If you've looked at the drive-away price of an electric vehicle and quietly closed the tab, you're in good company. EVs still carry a higher sticker price than most equivalent petrol cars — that part is real. But the sticker price is not the price you pay under a novated lease, and that gap matters more than most people realise.
According to EVcentral AU ([Source 1]), a significant number of Australians are ruling out EVs on price before they've done the full maths. The article points to tax treatment and running costs as the two factors most commonly ignored in that calculation — which is exactly where novated leasing does its heaviest lifting.
What this means for novated lease customers
Since 1 July 2022, eligible battery electric vehicles under the luxury car tax threshold have been exempt from fringe benefits tax (FBT) under the Treasury Laws Amendment (Electric Car Discount) Act. That single policy change fundamentally altered the cost equation for PAYG employees who access a vehicle through their employer via salary packaging.

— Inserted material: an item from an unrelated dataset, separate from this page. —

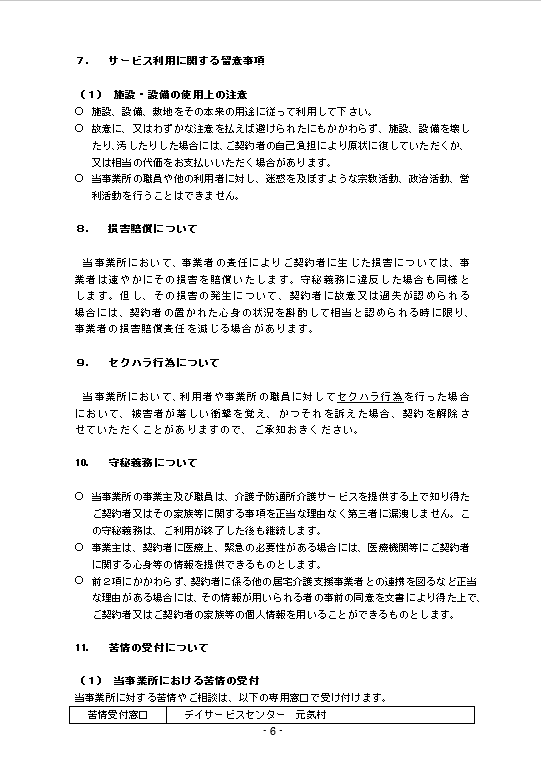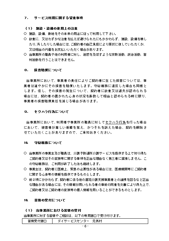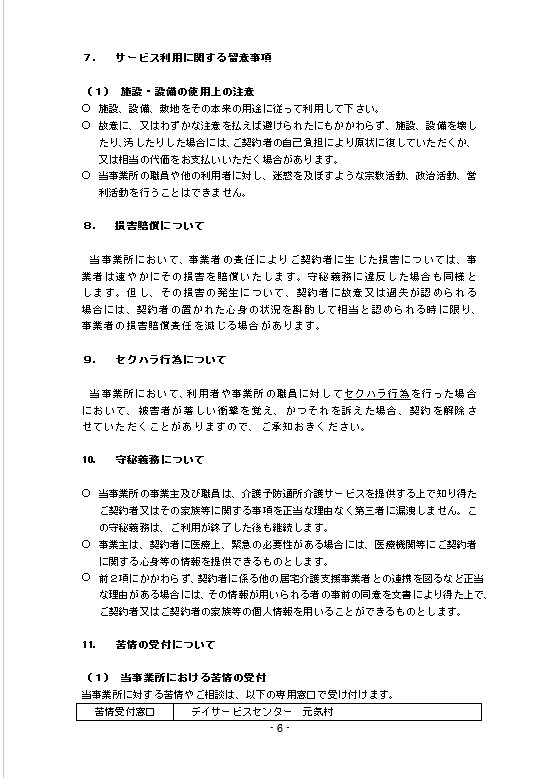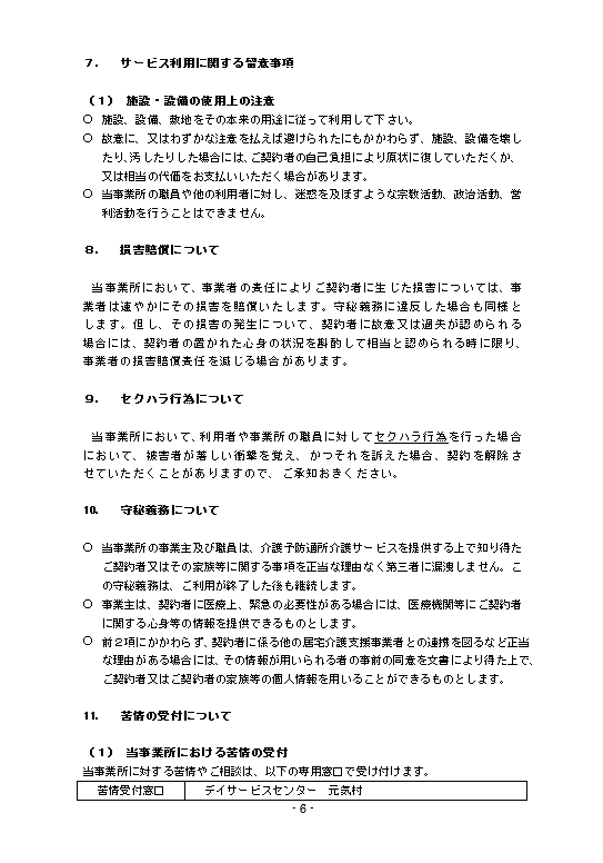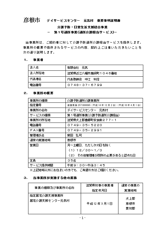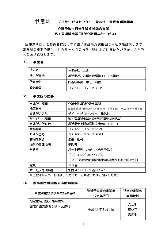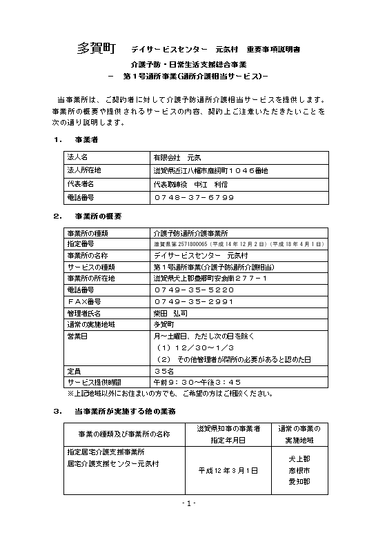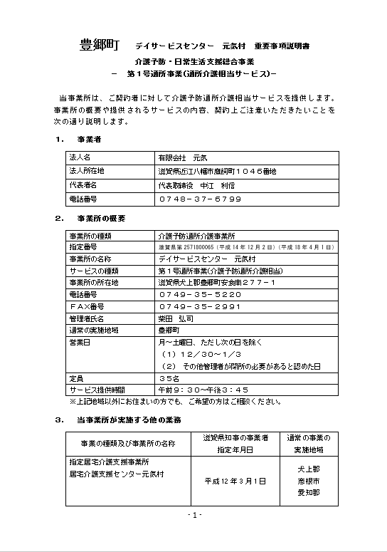 デイサービスセンタ-元気村 予防介護 重要事項説明書
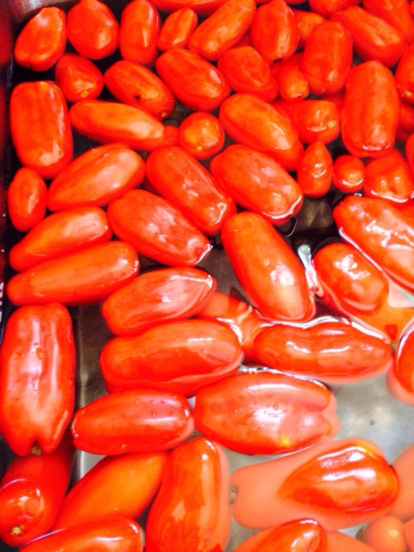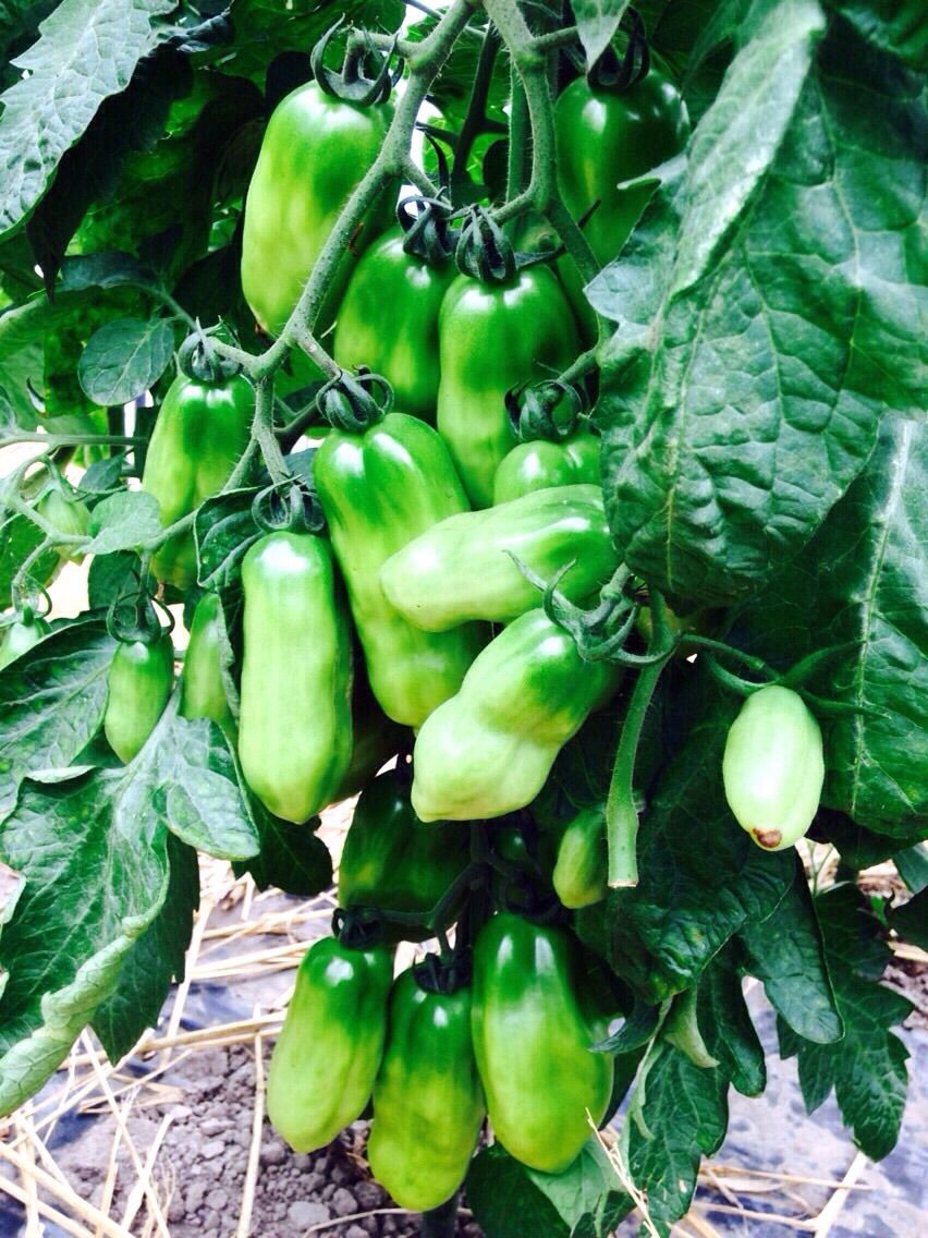 岡村さんの農場で栽培されているサンマルツァーノという品種のトマトです。イタリアの代表的なトマトで加熱することにより粘りのある独特の旨味が出る調理用のタイプです。 真っ赤な色がとても綺麗なトマトです。色々な品種を試してみて、サンマルツァーノに出会ったとのこと。 病気に弱く、管理にとても手間がかかりますが、農薬はなるべく使用せず大切に育てていらっしゃいます。

In plain English: under a novated lease, your repayments, running costs (fuel, insurance, registration, tyres, servicing) and the vehicle itself are bundled and paid from your pre-tax salary. For an eligible EV, the FBT exemption means you don't pay the tax that would otherwise apply to having a car provided through your employer. The result is a potential savings outcome that doesn't exist if you just walk into a dealership and buy the same car outright.
Running costs also change with an EV — electricity is cheaper per kilometre than petrol, and EVs have fewer moving parts, which generally means lower servicing costs over time. Those costs sit inside the novated lease package too, all pre-tax. It compounds.
Common questions
Does the FBT exemption apply to all EVs?
No. The exemption applies to battery electric vehicles (BEVs) and hydrogen fuel cell vehicles with a value below the luxury car tax threshold at the time of the first retail sale. Plug-in hybrids (PHEVs) were removed from the exemption from 1 April 2025. Always check the current ATO guidance before signing anything.
Do I need my employer's approval to get a novated lease?
Yes — your employer needs to be a party to the lease agreement. Most mid-to-large employers already have arrangements in place. If yours doesn't, millarX can help set that up.
Is a novated lease only worth it for EVs?
No — a novated lease can work for petrol and diesel vehicles too, though the FBT exemption doesn't apply to those. The pre-tax salary benefit still exists; it's just not as pronounced as it is for an eligible EV.
What happens at the end of the lease?
You typically have three options: pay out the residual value and own the car, trade it in, or refinance into a new lease. Your adviser should walk you through which option suits your situation before you sign.
Is this too good to be true?
It's a legitimate tax concession legislated by the federal government — not a loophole. That said, whether it stacks up for you personally depends on your income, the vehicle you choose, and your employer's set-up. A proper quote is the only way to know.